Failure Mode: ALS Without Label-Aware Confidence¶
Category: Implementation Error
Severity: High (Wrong objective being optimized)
Date Identified: 2026-01-25
Status: FIXED - Use label-aware confidence or PyTorch
TL;DR¶
Problem: Original ALS implementation optimized reconstruction only, ignoring the supervised loss term.
Root Cause: ALS was minimizing \(L_{\text{recon}}\) when it should approximate \(\mathcal{L}_{\text{CF}} = \rho \cdot L_{\text{recon}} + (1-\rho) \cdot L_{\text{sup}}\)
Solutions: 1. ALS + Label-Aware Confidence (approximation, fast) 2. PyTorch Joint Gradient Descent (exact, recommended)
The Real Problem: Wrong Objective¶
Original Implementation (WRONG)¶
for iteration in range(max_iter):
# Step 1: Update X given Y (ALS - ONLY reconstruction)
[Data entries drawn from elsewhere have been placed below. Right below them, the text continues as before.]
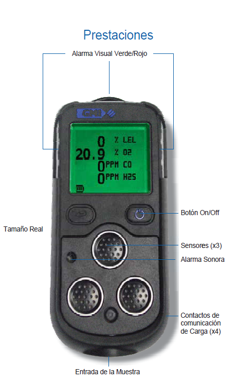 - Alarmas: Alarmas visuales (LED), sonoras (>90 dB) y vibratorias.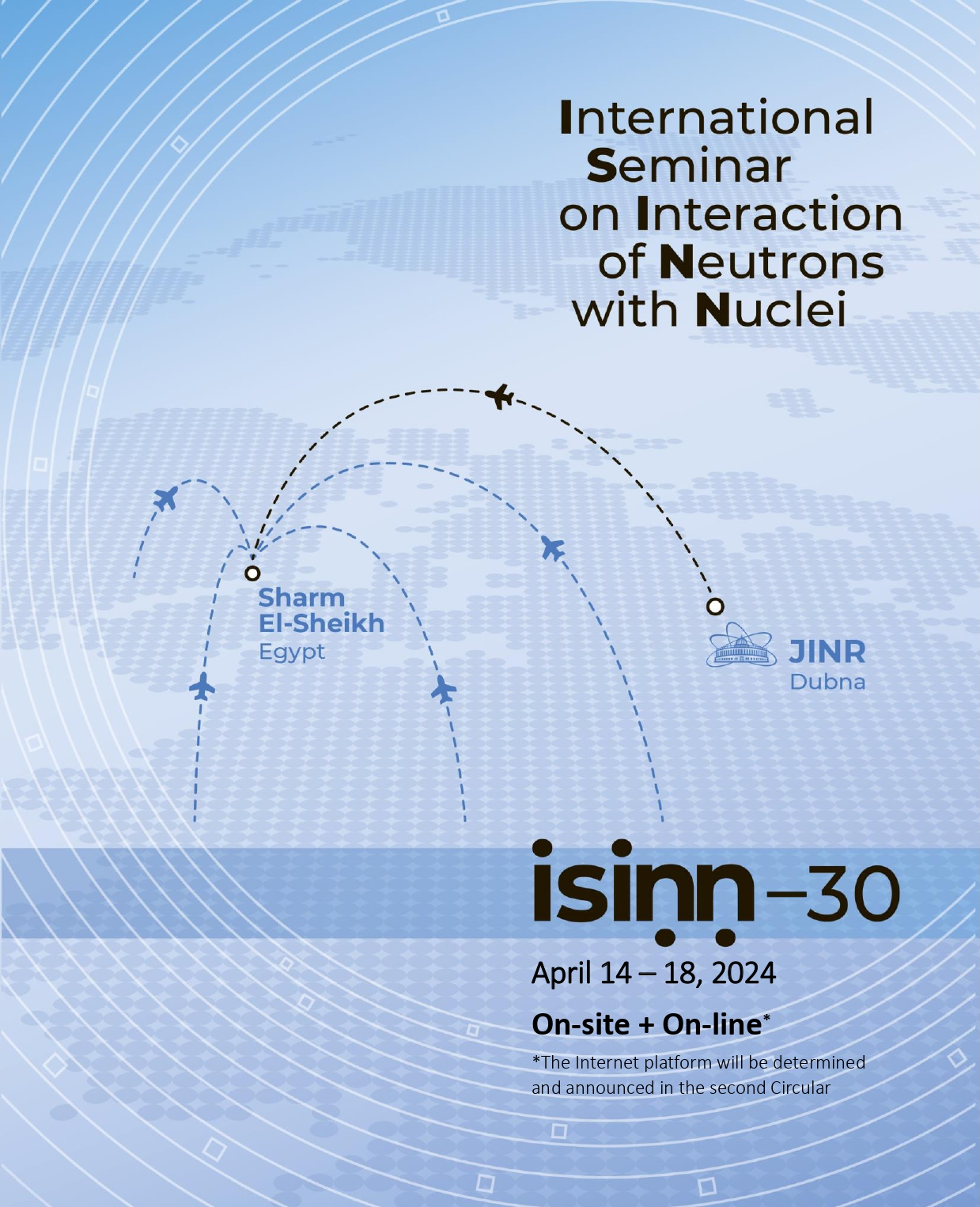 The Frank Laboratory of Neutron Physics at JINR, the Academy of Scientific Research and Technology (ASRT, Egypt), and the Egyptian Atomic Energy Authority (EAEA) invite everyone interested to take part in the 30th International Seminar on Interaction of Neutrons with Nuclei: Fundamental Interactions & Neutrons, Nuclear Structure, Ultracold Neutrons, Related Topics (ISINN-30).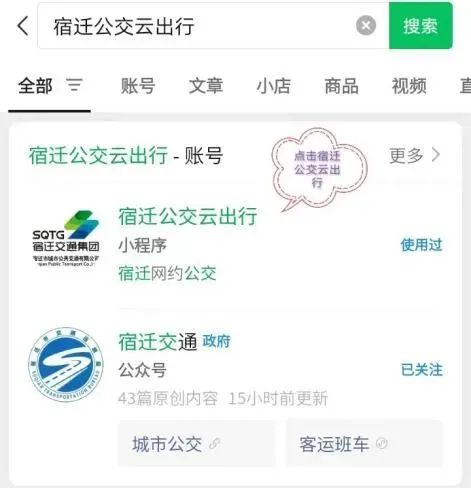 ①微信搜索“宿遷公交云出行”或手機掃公交站臺網約公交二維碼,進入小程序。
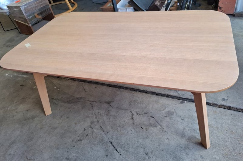Dinning timber table, white-Natural finish, round corners Dimensions: 180cmW x 105cmD x 76cmHNote: Scratches, marks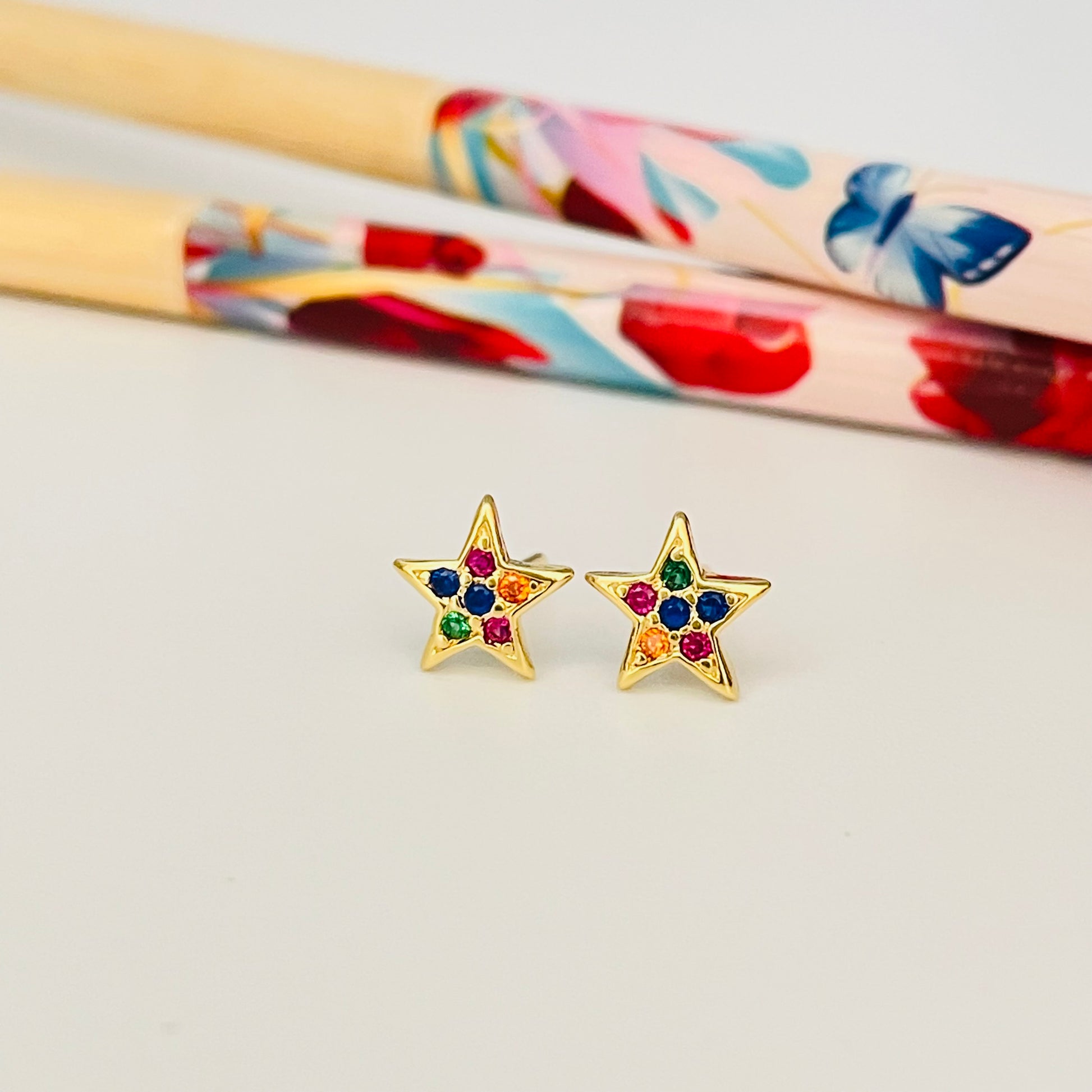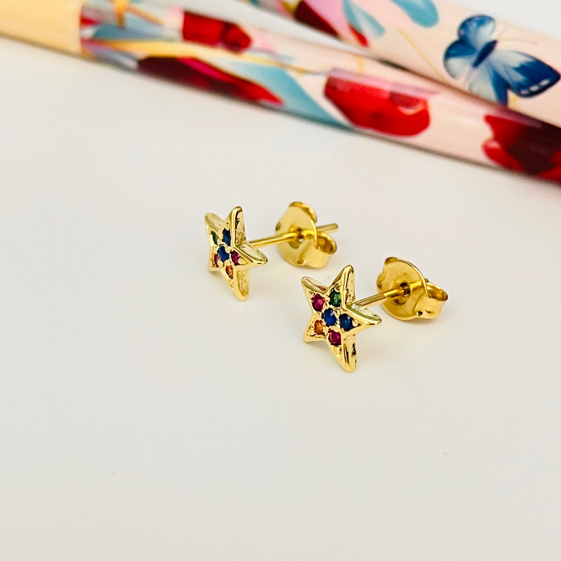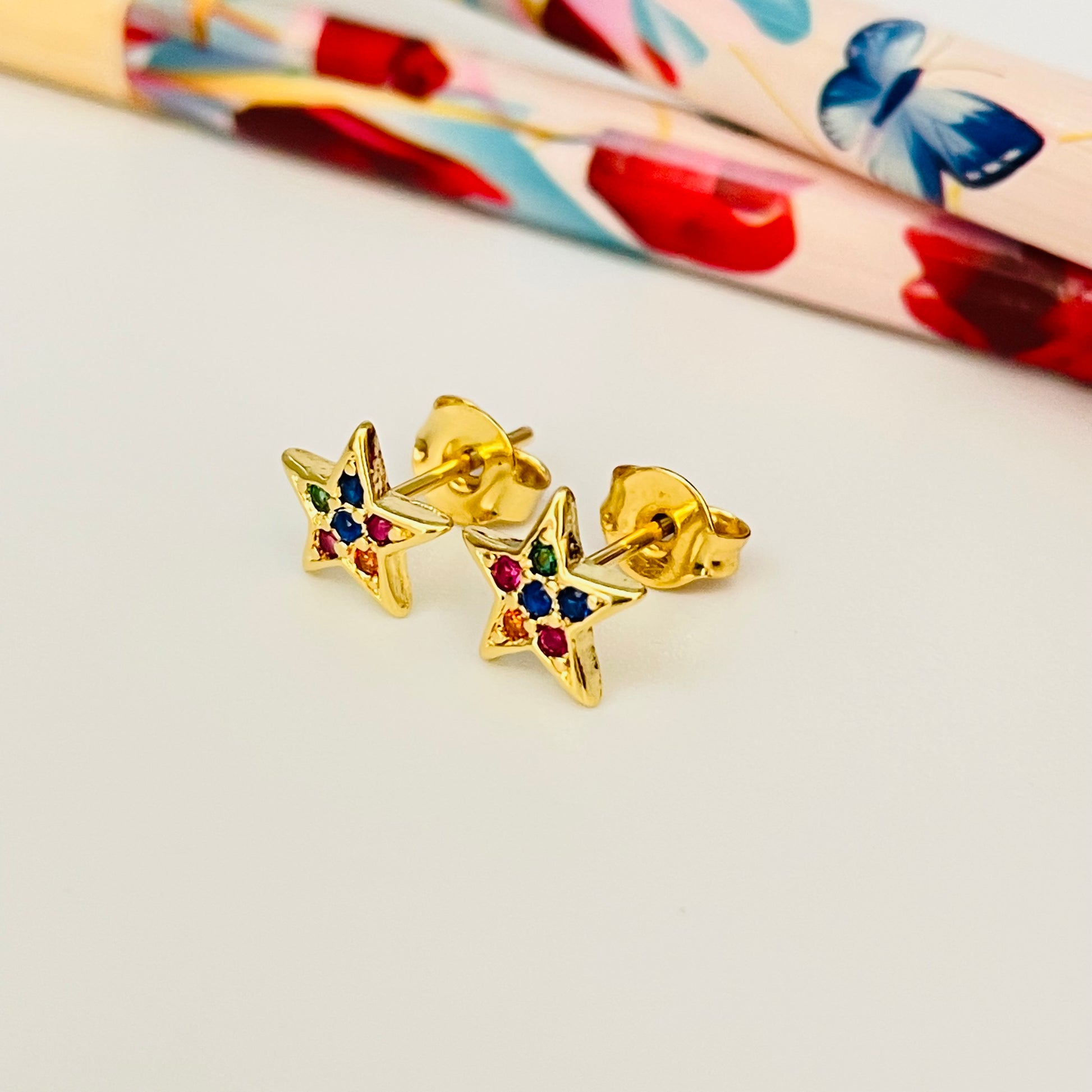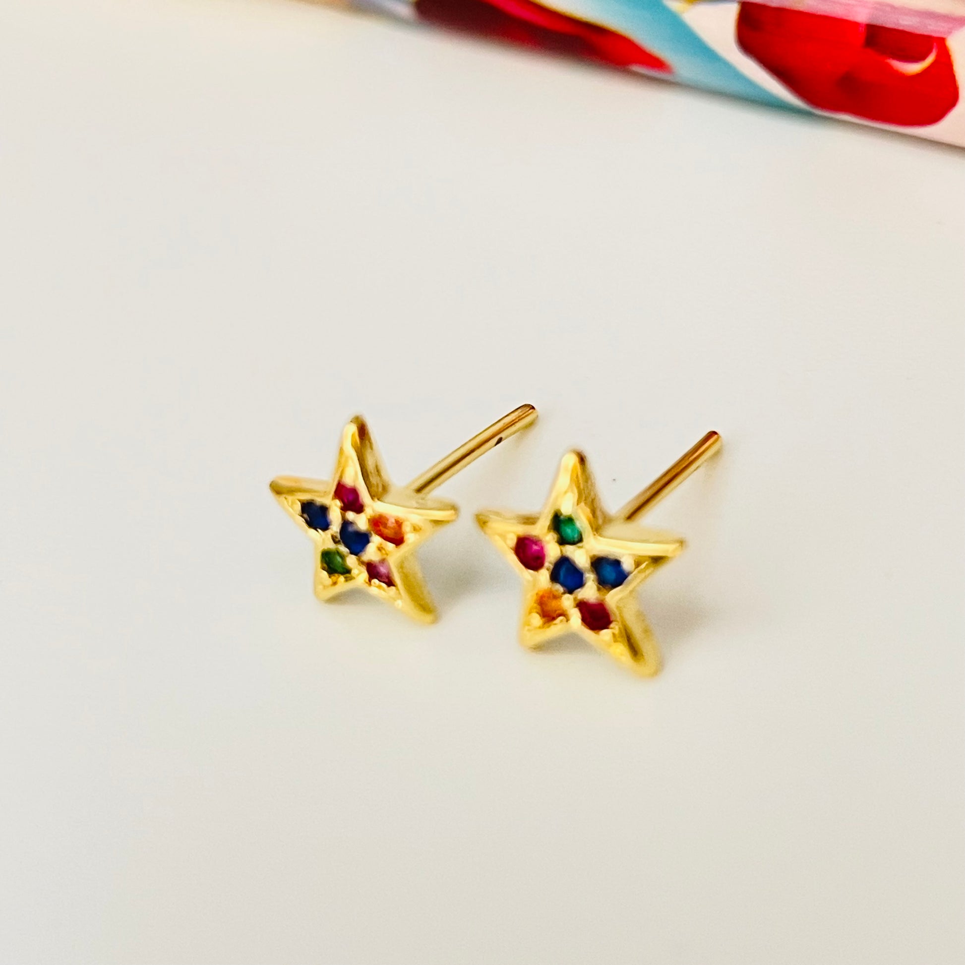 XO216 Aro Estrella con circones multicolor 8 mm Aro Baño Oro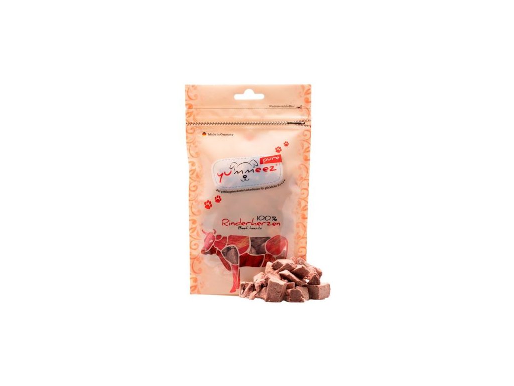 Yummeez Pure jsou čistě přírodní kousky mrazem sušeného masa pro psy s velmi intenzivní chutí. Proto jsou skvělým způsobem jak motivovat psa při výcviku.Obsahují 100 % masa z hovězích srdcí a jsou vynikající odměnou i pro vybíravé a na výživu citlivé pejsky.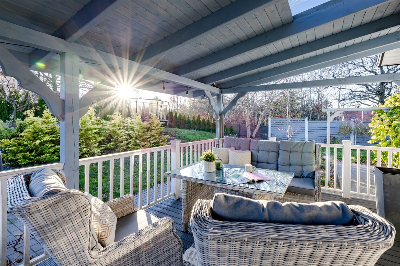 wyjście na dwa tarasy – większy zadaszony oraz drugi otwarty

X = argmin_X ||C ⊙ (R - X^T Y)||² + λ||X||²
# Step 2: Update Y given X (ALS - ONLY reconstruction)
Y = argmin_Y ||C ⊙ (R - X^T Y)||² + λ||Y||²
# Step 3: Update θ given X, Y (GD - ONLY supervision)
θ = θ - lr * ∇_θ CE(y, g_θ(X^T Y))
The fundamental error: ALS optimizes \(L_{\text{recon}}\) only, completely ignoring \(L_{\text{sup}}\)!
This is NOT what the KD-inspired combined loss intended: $\(\mathcal{L}_{\text{CF}} = \rho \cdot L_{\text{recon}} + (1-\rho) \cdot L_{\text{sup}}\)$
Why This Fails¶
In Knowledge Distillation: - You don't optimize soft targets and hard labels separately - You compute \(\mathcal{L}_{\text{KD}} = \rho \cdot L(\text{soft}) + (1-\rho) \cdot L(\text{hard})\) - Then backprop through the combined loss
Original CF-Ensemble ALS was doing the equivalent of:
# WRONG KD approach (nobody does this!)
for epoch in range(epochs):
loss_soft = compute_soft_loss()
loss_soft.backward()
optimizer_soft.step() # Only optimize for soft targets
loss_hard = compute_hard_loss()
loss_hard.backward()
optimizer_hard.step() # Separately optimize for hard labels
Of course this fails! The gradients point in different directions!
Iteration N:
ALS: "Let me change X, Y to minimize reconstruction error"
→ Reconstruction loss: 2.5 → 1.8 ✓
→ Supervised loss: 0.35 → 0.52 ✗ (got worse!)
Iteration N+1:
GD: "Let me change θ to fix supervised loss"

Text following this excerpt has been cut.